DATA EXCERPT:
========================================================================

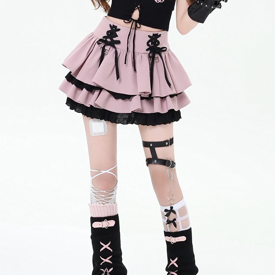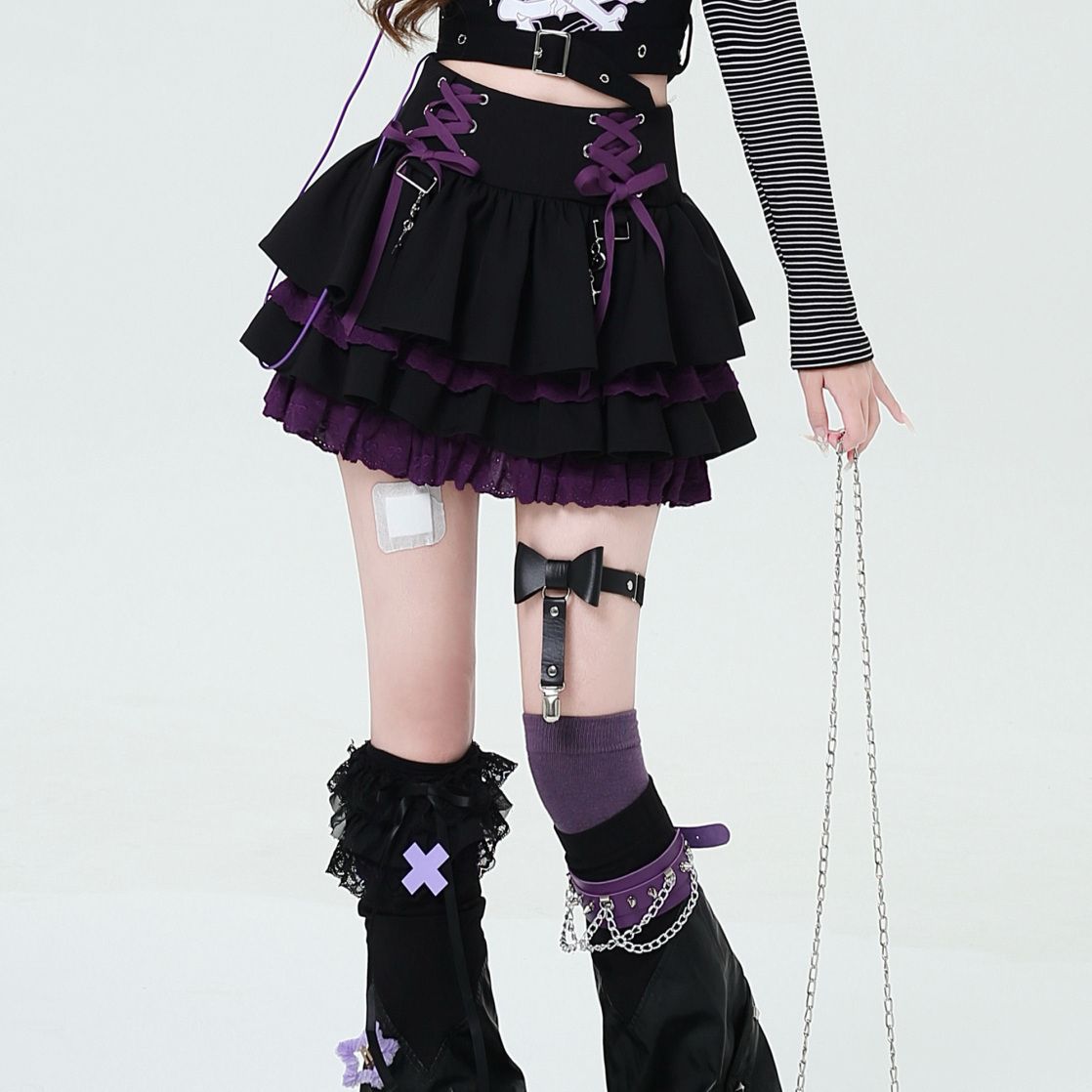 Y2K Sweet Cool Girl Strappy Lace Tutu Skirt Mrxie Rebellious Period Original Cake Skirt New Fashion Hot Sale
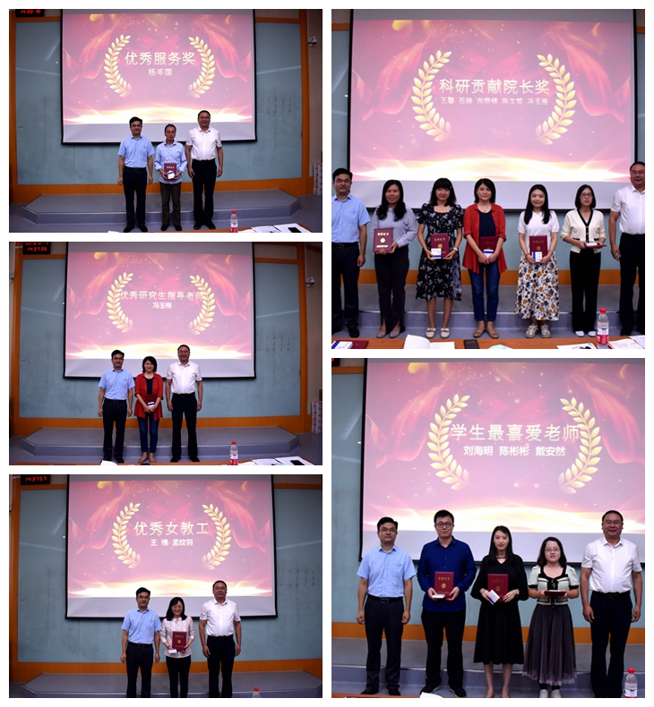 在表彰大会上,康亚通副书记宣布了2021-2022学年度各项工作中取得突出成绩的22名教职工和3个集体。吴红文书记、彭红枫院长分别向获奖个人和集体颁发了荣誉证书和奖品,并与获奖教职工合影留念。大会为新教师举办了隆重而又简朴的入职仪式,三位新入职的老师表示今后会以积极的心态和饱满的热情对待工作,为学院的发展贡献力量。
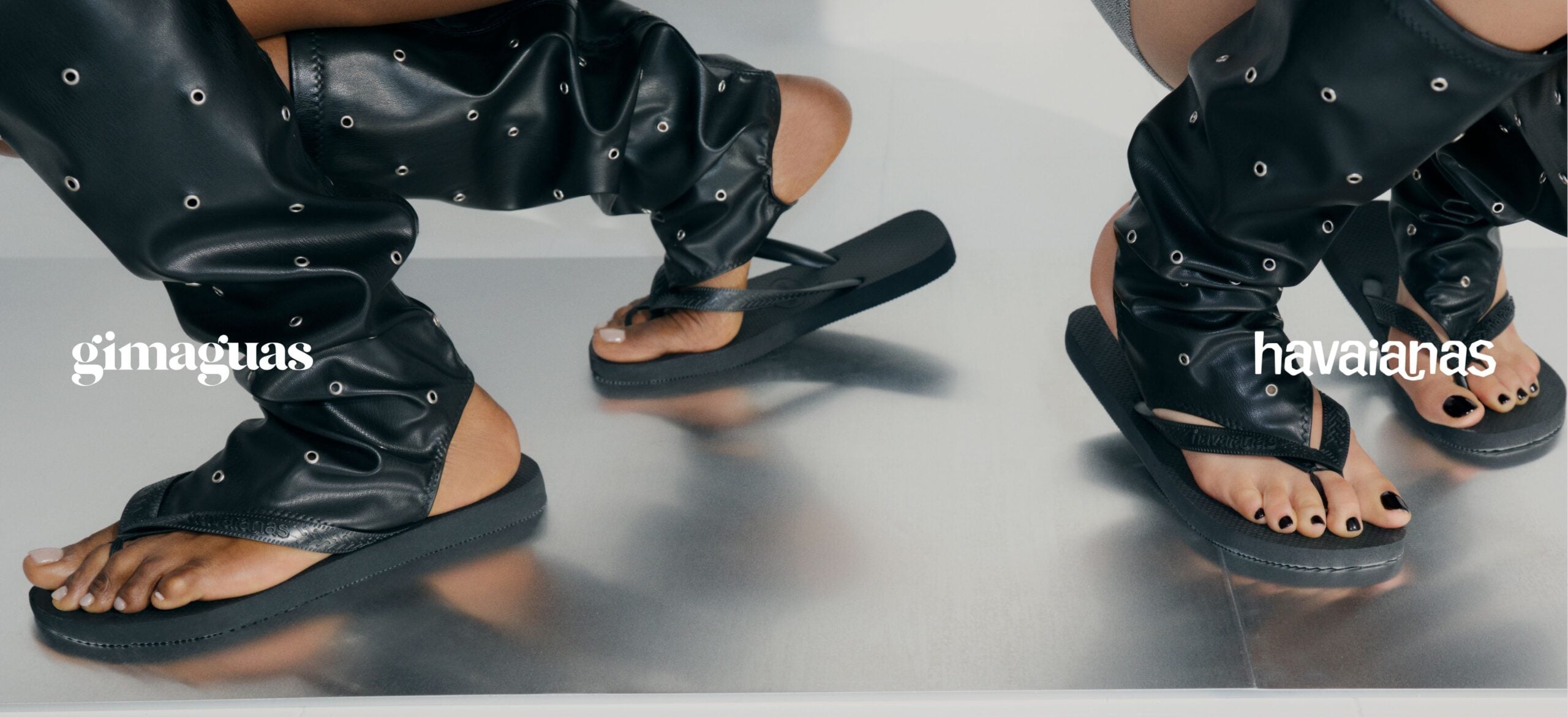 La Top negra se presenta junto a los calentadores de piel artesanales de Gimaguas, aportando un giro sofisticado al diseño. Terminadas con ojales plateados —seña de identidad de la marca barcelonesa—, las piezas se colocan con facilidad y se ajustan alrededor del pie y los dedos. A través del juego de texturas, contrastes y volúmenes, el diseño transforma la silueta icónica de Havaianas en una pieza atemporal, pensada para llevarse durante todo el año y reinterpretar el espíritu del verano en nuevos escenarios.

========================================================================

TASK GOAL:
Reproduce only the lines from the beginning of the data through the line that contains "在表彰大会上,康亚通副书记宣", both included, and please drop the pictures.

COMPLETED TASK:
 Y2K Sweet Cool Girl Strappy Lace Tutu Skirt Mrxie Rebellious Period Original Cake Skirt New Fashion Hot Sale
 在表彰大会上,康亚通副书记宣布了2021-2022学年度各项工作中取得突出成绩的22名教职工和3个集体。吴红文书记、彭红枫院长分别向获奖个人和集体颁发了荣誉证书和奖品,并与获奖教职工合影留念。大会为新教师举办了隆重而又简朴的入职仪式,三位新入职的老师表示今后会以积极的心态和饱满的热情对待工作,为学院的发展贡献力量。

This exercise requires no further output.